“这皇帝老儿还真会享受,地宫里又是小桥又是假山又是遇仙台的,只可惜此台犹在他命却已归西,再好的东西他如今也摸不着咯。”谢匀一行穿过那座石桥,绕过两座假山,便见这地下花园的尽头立着一座巍峨非凡的遇仙台。
遇仙台也就是琴台,相传宣高祖萧寄在白衣之时,曾于隐龙峰下遇见一人于石台上抚琴,宣高祖听其琴音不俗,便问那人来历,一问之下,高祖方知此人乃是一名仙人。高祖于是就问那仙人何故至此,那仙人说如今暴旬无道,群雄并起,正值乱世,这乱世已经持续了将近三十载,是时候由天命之人出手结束这乱世,解救百姓于水火了,而宣高祖就是他所找的那个天命之人。高祖听后大吃一惊,自为势单力薄,不足以与群雄逐鹿。那仙人就说,所谓英雄者,正应合时而动,应势而起,揽民而归,此处百姓苦旬久矣,只要高祖此时起兵,必定有万民来随。然后仙人又与高祖分析了天下形势,并亲授高祖三条秘计,以助高祖争霸天下。高祖于是依仙人之言,提剑起于蓬蒿,之后天下形势果然如仙人预料的一样,而高祖也用仙人所传的秘计,将自己的对手一一打败,最终成为了天下的霸主。
宣高祖在建立了大宣王朝之后,又多次前往隐龙峰,想寻之前所遇的那位仙人,但那位仙人已经杳无踪迹了。后来,为了纪念那位隐龙峰下的仙人,宣高祖便筑了琴台一座,赐名曰遇仙台,自此之后,遇仙台也就成了琴台的别称。
“所以才会那么多皇帝想要长生,这典武帝也不例外。”陆放舟接着谢匀的话说。
不过可惜,长生之术终究只是帝王的虚妄之想,人生百年,管他是皇帝老儿还是落魄乞丐,最后一并都叫无常收了去。
“你会不会抚琴?”谢匀突然问了陆放舟这么一句。
“啊?”陆放舟大概没想到谢匀会突然问他这么个问题,于是有些不解地看着他。
“我问你会不会抚琴?”谢匀于是把自己的问题重复了一边。
“不会。”陆放舟摇摇头说。
谢匀一边叹息一边说:“传说若是琴技高超的人在遇仙台上抚琴十日,便能有幸一睹仙人的姿容,我倒想瞧一瞧那个仙人长得什么模样。”
陆放舟哼道:“这种鬼话你也信?先不说琴技高超是由谁来断定的,又是怎么断定的,便是真有那种出类拔萃的技艺,谁又能不眠不休地在台上抚琴十日?这话一看就是骗人的鬼话。
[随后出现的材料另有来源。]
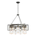 Gracefully held in place by detailed steel cuffs and a large circular frame, nine hand-blown hourglass vessels capture pools of downward light. The glass elements speak to the apothecary jars of an earlier time, while the metalwork reflects clean contemporary lines. The round Apothecary Chandelier is a part of Hubbardton Forge's Apothecary Collection, blending simplicity in form with richness in materials and finishâeasily adaptable to a wide range of styles.
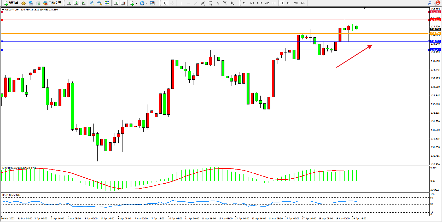 4小时图看:多头动力高位震荡上行中,短期看涨情绪依旧,市场多头动力不断攀升,MACD指标处于多头区域整理,RSI指标处于多头区域弱势徘徊;

”
狄舒对遇仙台不怎么感兴趣,他在意的是另一件事,“这儿怎么没有入口了?难道我们已经走到底了?”
陆放舟说:“不可能,这儿是典武帝的行宫,怎么可能就这么点儿大?而且行宫就只有一个花园,那也太奇怪了。”
谢匀四处看了看,发现这儿还真没有入口了,于是说:“这典武帝也许喜欢跟人捉迷藏,所以把入口给藏了起来。”他也不相信这个地宫就只有这么点地方,而且他到现在都还没有碰到那个让他追踪至此的妖孽呢。
陆放舟又在那里指挥狄舒了,“你,到处去找找看,别杵在这儿不动。”
“杵在那儿不动的是你好不好?”谢匀忍不住为狄舒抱不平,“你也别老欺负人家狄舒,人家还比你大呢。”
“比我大又怎么啦?在京都比我大的人多着呢,但他们的官职比我小,见了我还不是要行礼?”陆放舟不满地争辩道。
“你现在都被罢免了,还当自己是陆大人呢?你这骄纵脾气真得好好改改,等我得了空,再教教你做人的道理。”谢匀摇摇头说。
陆放舟哼了一声,说:“用不着你教。”
谢匀说:“我偏要教。”
陆放舟:“……”
在他们争吵之时,狄舒却有了发现,他无意之间发现遇仙台上的铜鹤是能转动的,于是他就将铜鹤转了一圈,结果,遇仙台后面的石壁竟轰然向两边挪开,然后露出了一扇看上去沉重无比的石门。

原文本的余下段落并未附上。